Last Monday I had jury duty. I know what you’re thinking: “Dag, Jiffypop, seems like you end up with mad jury love every 2 years on the dot!” You’d be right. Since I became eligible for juries at age 18, I have been called four times. In 9 years. I’m a popular guy, down at the Jury Picking Division or whatever.

This time, I was called to Federal court, which is nice because you get paid more. $40 a day, plus travel expenses, because there’s only one federal court and you can be called up from Rehoboth or wherever. To make the money you actually have to get picked for a jury, but since I was batting a thousand for that, I figured it wouldn’t be a problem. Also I discovered that federal civil trials don’t require a full jury of 12; they usually pick 9 or so, with no alternates, and as long as there are still 6 at the end of the trial, it’s all gravy.

So I rolled up to the courthouse, where they told us all about how the jury would be picked, which is 30 minutes of my life that I’m not getting back. Then they dragged us all up to the courtroom, where I brought all kinds of reading material (the smart juror brings two magazines and a fun novel at minimum).

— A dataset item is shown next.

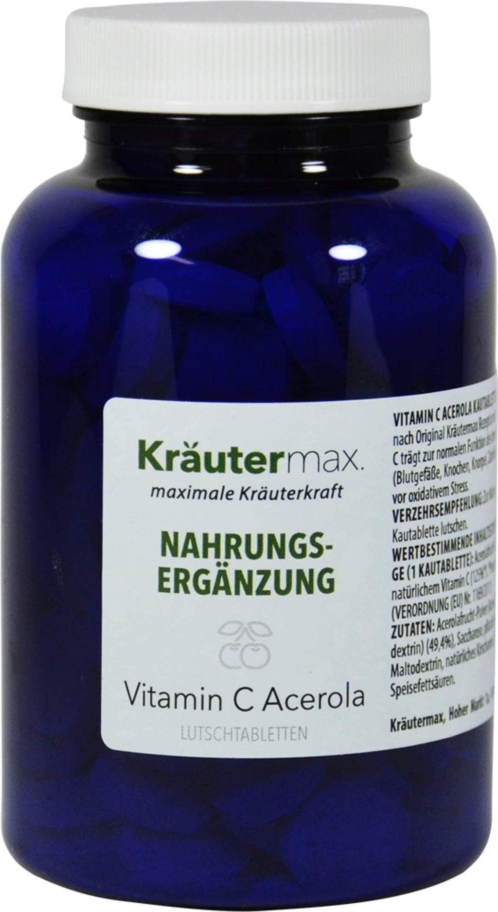 Nämä Kräutermaxin Vitamin C Acerola-imeskelytabletit (aiemmin C-Max Acerola) sisältävät acerolakirsikoiden luonnollista C-vitamiinia ja ne maistuvat kirsikalta.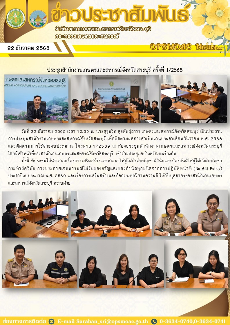 วันที่ 22 ธันวาคม 2568 เวลา 13.30 น. นายสุขุมวิท สุขพันธุ์ถาวร เกษตรและสหกรณ์จังหวัดสระบุรี เป็นประธาน การประชุมสำนักงานเกษตรและสหกรณ์จังหวัดสระบุรี เพื่อติดตามผลการดำเนินงานประจำเดือนธันวาคม พ.ศ. 2568 และติดตามการใช้จ่ายงบประมาณ ไตรมาส 1/2569 ณ ห้องประชุมสำนักงานเกษตรและสหกรณ์จังหวัดสระบุรี โดยมีเจ้าหน้าที่ของสำนักงานเกษตรและสหกรณ์จังหวัดสระบุรี เข้าร่วมประชุมอย่างพร้อมเพรียงกัน

The judge (The Honorable and Extremely Bitchin’ Kent A. Jordan) explained what the trial was going to be about (some prison inmate was suing some of the guards that allegedly beat him up and took away his girlish laughter), and asked a bunch of questions related to it, like “Do any of you know the plaintiff,” “Do any of you know the defendants,” “Have any of you been beaten in prison by a giggling warden with yellow eyes,” that kind of thing. A bunch of us stuck our hands up (my buddy Craig is a prison guard), and so the judge had us come up individually and explain ourselves.

During this process, we weren’t permitted to read any of our stuff. Apparently the bailiffs wanted us paying close attention to what was going on, even though the judge and lawyers were whispering and we couldn’t hear a damn thing. This meant that I sat there largely without entertainment for the better part of 2 hours. Plus I had to pee.

Finally the judge got to me and I reported that I have a friend what works at the prison, and also yer honor I don’t much care for them muhnorities and stuff, and if y’all could see fit to lettin’ me outta this I could be gettin’ back to my huntin’ and drankin’ and birthin’ lizard babies. Then I sat back down.

Finally, they started drawing names out of a hat to fill the initial jury pool. They were going to pick 18 people, and then the lawyers could whittle that down to the 9 they wanted. I figured there were 40 or 50 potential jurors, so I had a theoretical 36-45% chance of being picked, but because God likes to see me on juries, I was sure I’d be picked, probably at #18 just to add to the humor. (Whenever I get picked for a jury, I’m pretty sure God is up in heaven screaming “BURRRRNNNNNN!!!!!” at me.)

Oddly enough, I didn’t get picked. I was like, “whaaaaa?” but sat quietly as they filtered the jury down to 9 sad individuals. Then the judge dismissed us, and I sprinted from the building before they realized that they had freed me.

To be honest, I almost wish I’d been picked. Of all the juries I’ve been on, I’ve never actually gotten to hand down a verdict, which would be pretty awesome. And that plaintiff looked like he needed a good dose of reality. (A reality in which prison guards can beat the prisoners for fun and profit. That would be awesome. Particularly if they then shared the profits with me.)